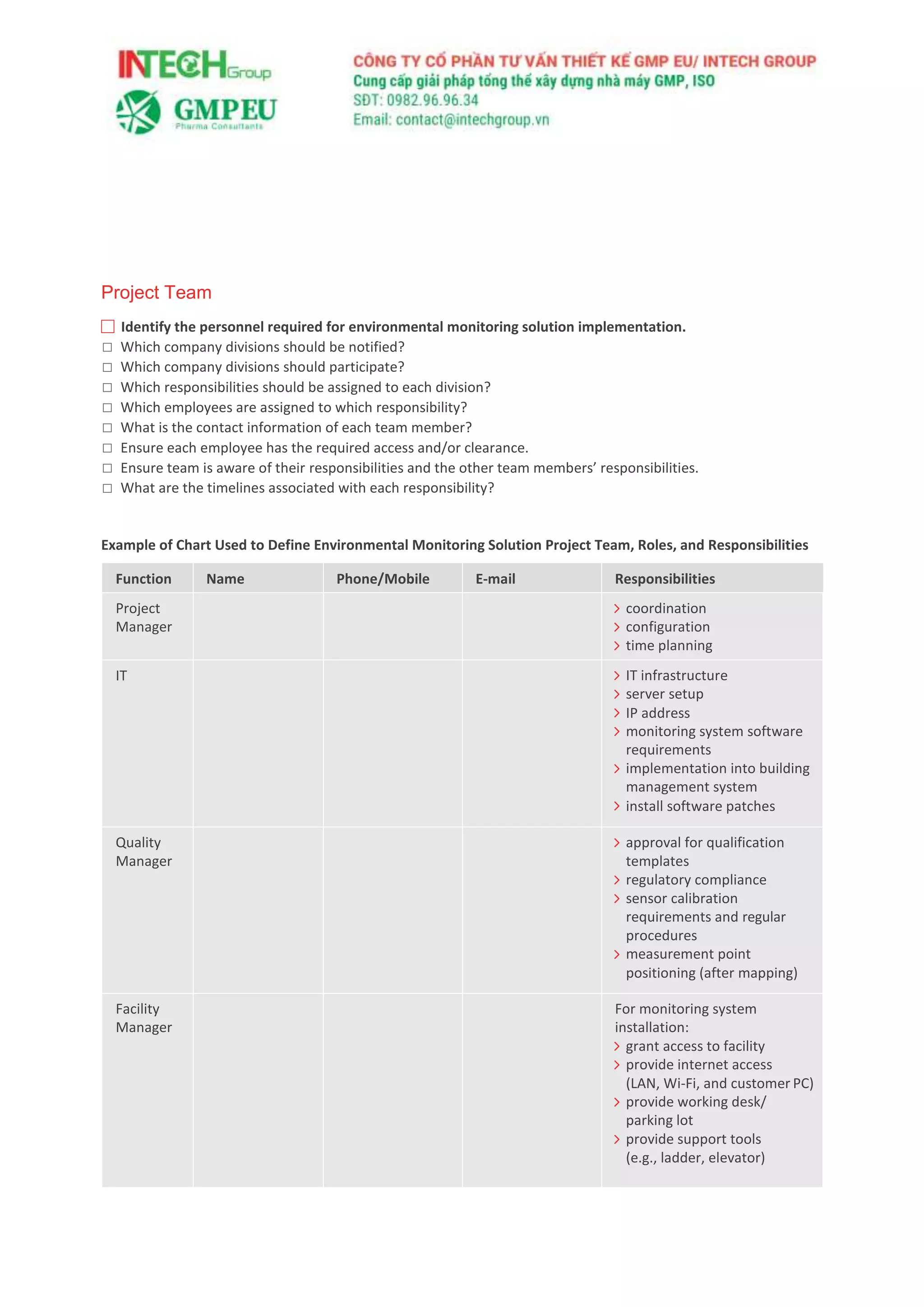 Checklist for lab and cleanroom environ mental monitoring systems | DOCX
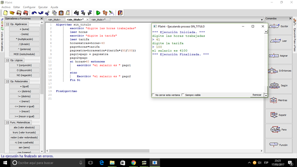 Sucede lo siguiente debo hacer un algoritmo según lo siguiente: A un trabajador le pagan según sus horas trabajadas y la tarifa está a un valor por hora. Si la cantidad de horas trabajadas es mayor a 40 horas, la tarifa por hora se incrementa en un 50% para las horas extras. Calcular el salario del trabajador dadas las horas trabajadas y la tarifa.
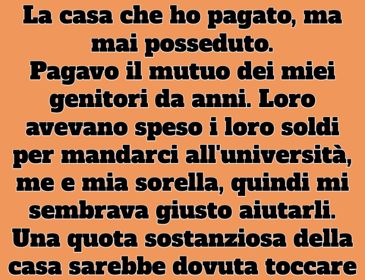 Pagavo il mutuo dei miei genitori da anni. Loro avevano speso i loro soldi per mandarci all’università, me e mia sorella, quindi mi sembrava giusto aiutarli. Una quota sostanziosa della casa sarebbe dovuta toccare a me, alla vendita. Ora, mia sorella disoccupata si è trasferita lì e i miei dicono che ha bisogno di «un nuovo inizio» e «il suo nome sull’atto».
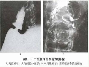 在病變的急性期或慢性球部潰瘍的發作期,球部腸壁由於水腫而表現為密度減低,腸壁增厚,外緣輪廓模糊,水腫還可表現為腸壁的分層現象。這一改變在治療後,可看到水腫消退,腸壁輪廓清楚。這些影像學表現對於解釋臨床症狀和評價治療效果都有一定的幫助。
--
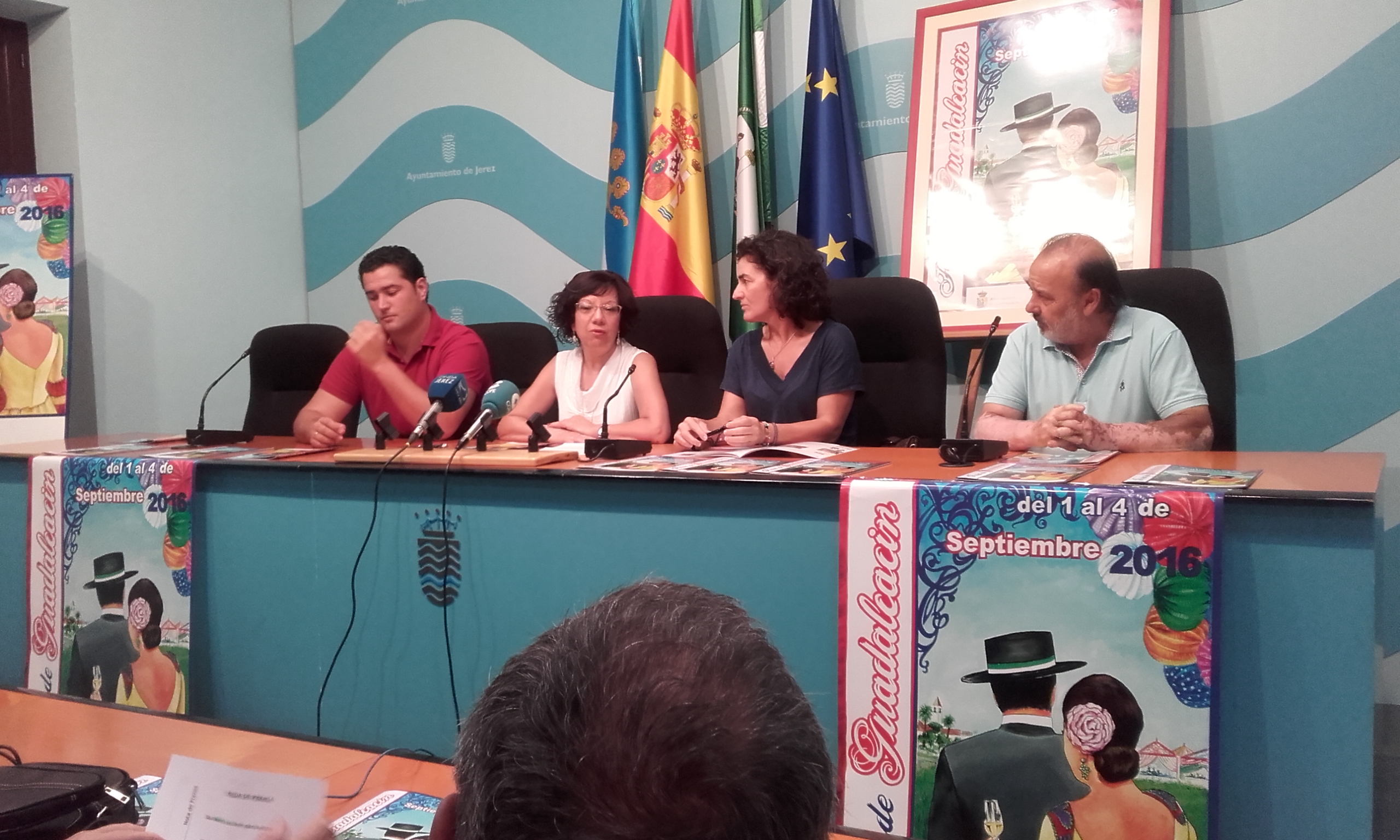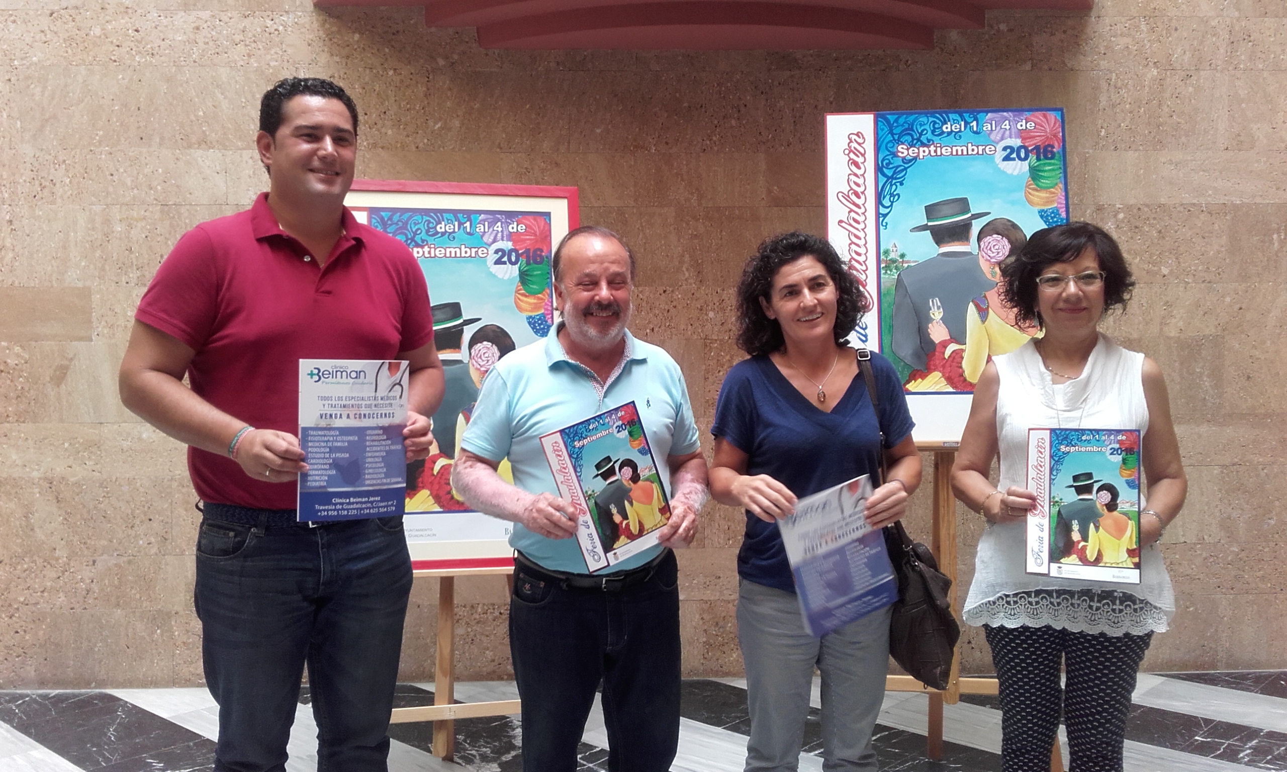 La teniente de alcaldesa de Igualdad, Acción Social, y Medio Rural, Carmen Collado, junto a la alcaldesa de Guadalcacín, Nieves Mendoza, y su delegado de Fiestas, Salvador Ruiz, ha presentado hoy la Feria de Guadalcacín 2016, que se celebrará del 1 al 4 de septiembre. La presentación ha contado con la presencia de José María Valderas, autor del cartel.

* **DESCRIPTION OF THE TASK**: When you reach the line containing "Pagavo il mutuo" in the entries above, begin restating word for word, and stop once the line containing "在病變的急性期或慢性球部潰瘍" has been given. Omit the pictures.

* **RESPONSE FOR THIS EXERCISE**:
 Pagavo il mutuo dei miei genitori da anni. Loro avevano speso i loro soldi per mandarci all’università, me e mia sorella, quindi mi sembrava giusto aiutarli. Una quota sostanziosa della casa sarebbe dovuta toccare a me, alla vendita. Ora, mia sorella disoccupata si è trasferita lì e i miei dicono che ha bisogno di «un nuovo inizio» e «il suo nome sull’atto».
 在病變的急性期或慢性球部潰瘍的發作期,球部腸壁由於水腫而表現為密度減低,腸壁增厚,外緣輪廓模糊,水腫還可表現為腸壁的分層現象。這一改變在治療後,可看到水腫消退,腸壁輪廓清楚。這些影像學表現對於解釋臨床症狀和評價治療效果都有一定的幫助。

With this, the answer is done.